Pharmalot: So what might this mean?
Piety: Other courts are liable to use Sorrell to say that regulating marketing in almost any fashion is unconstitutional and so, as I say, the implications are much broader than just off-label marketing. The ramifications of this ‘anti-discrimination against marketing’ argument go well beyond the off-label marketing of prescription drugs. This same argument is currently being used to attack the new FDA regulations regarding cigarette packaging, securities regulations, junk food marketing and many others. It is hard to say what the stopping point may be because, on the one hand, it puts at risk a lot of regulation that has been with us for a very long time and which I think most people, including most judges, probably think is appropriate. So maybe lower courts won’t adopt the broadest reading of Sorrell.

On the other hand, there are, as I say, a lot of very powerful interests pushing this broad reading of the case and they have managed to attract to their side some high powered names like Floyd Abrams which tends to increase the argument’s legitimacy even though, as I say, if you think about this civil rights for big corporations argument it sounds pretty ridiculous. One scholar titled an article on this topic, “Free the Fortune 500!” and I think that title captures the absurdity of casting pharmaceutical companies as oppressed minorities who, without the intervention of the courts, would not have a voice. The pharmaceutical companies seem like they have plenty of influence with respect to legislation.

Pharmalot: So are we headed to the point where any business will be able to say anything without regulation?
Piety: I don’t know. I hope not. But I think as a society, at least folks my age and younger, see the civil rights struggle as an iconic struggle for justice and so that rhetoric strikes most people as correct when they hear it. So when they hear the drug companies arguing, “Hey! How come everybody gets to talk about these off-label uses but us?”, they think, “Yeah, that’s right. That’s not fair.” But the answer is the reason the companies are treated differently is because they have a financial incentive to slant the information in a particular way and they are in a position of superior knowledge vis-á-vis the public because they manufacture the product and so we want to subject what they say in order to sell that product to more exacting scrutiny than we would the criticism (or praise) from a party without a financial interest.

This is utterly routine in many area of the law.
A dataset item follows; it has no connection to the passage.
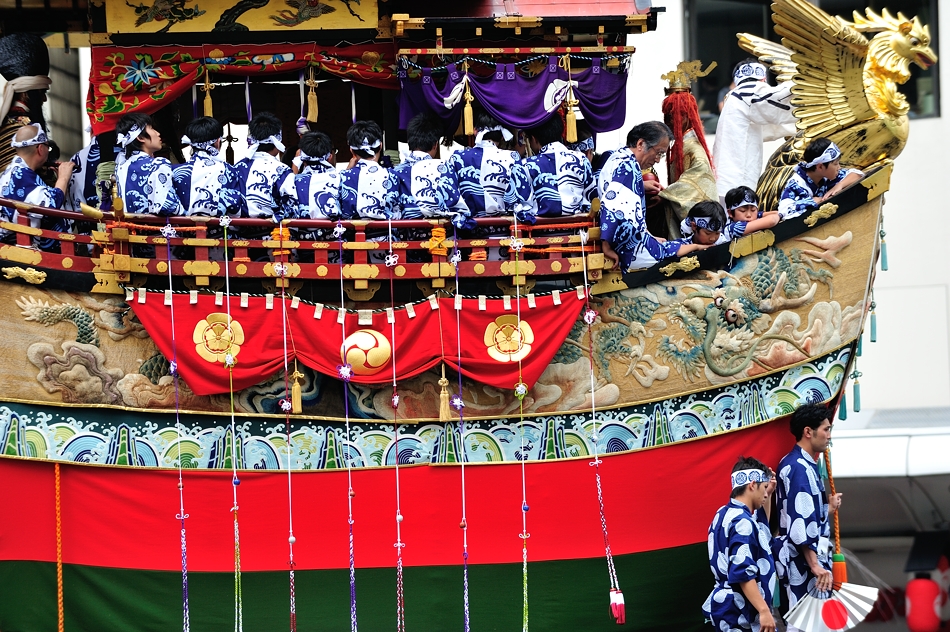 | 祇園祭には神功皇后の説話を基にした出陣船鉾(船鉾),凱旋船鉾(大船鉾)の二基があり,それぞれ前祭,後祭の殿(しんがり)を務める。神面を付けた神功皇后像と,住吉明神,鹿島明神,龍神・安曇磯良(あずみのいそら)が船に乗り巡行する。身ごもって出陣し戦後無事出産した神功皇后は安産の神とされ,皇后の神面は明治天皇ご誕生の折には宮中に参内するなど,深い信仰を集めている。 |

For instance, judges with a financial interest in a case before them should recuse themselves; members of a board of directors with a financial interest in a transaction typically are required to disclose that interest; witnesses’ testifying in court can have their credibility impeached with the fact that they have a financial stake in the outcome, we treat uses of copyrighted material for a commercial purpose as infringement and those for an academic purpose as fair use – and on and on. Until very recently we also thought it appropriate to treat commercial speech differently under the First Amendment. And however appealing the anti-discrimination rhetoric, I don’t think most people recognize where this idea could potentially take us or how it might endanger consumer protection regulations.

Pharmalot: What might this do to the FDA then?
Piety: I’m concerned about the FDA’s ability to engage in appropriate regulation. I don’t have strong feelings one way or another about off label marketing, in part because I just don’t know enough about the subject. But I’m inclined to think that it is a good idea to have an agency such as the FDA engaging in oversight of the industry and I fear that Sorrell might signal diminished effectiveness of its ability to control deceptive practices or practices that are in other ways counter to the public interest.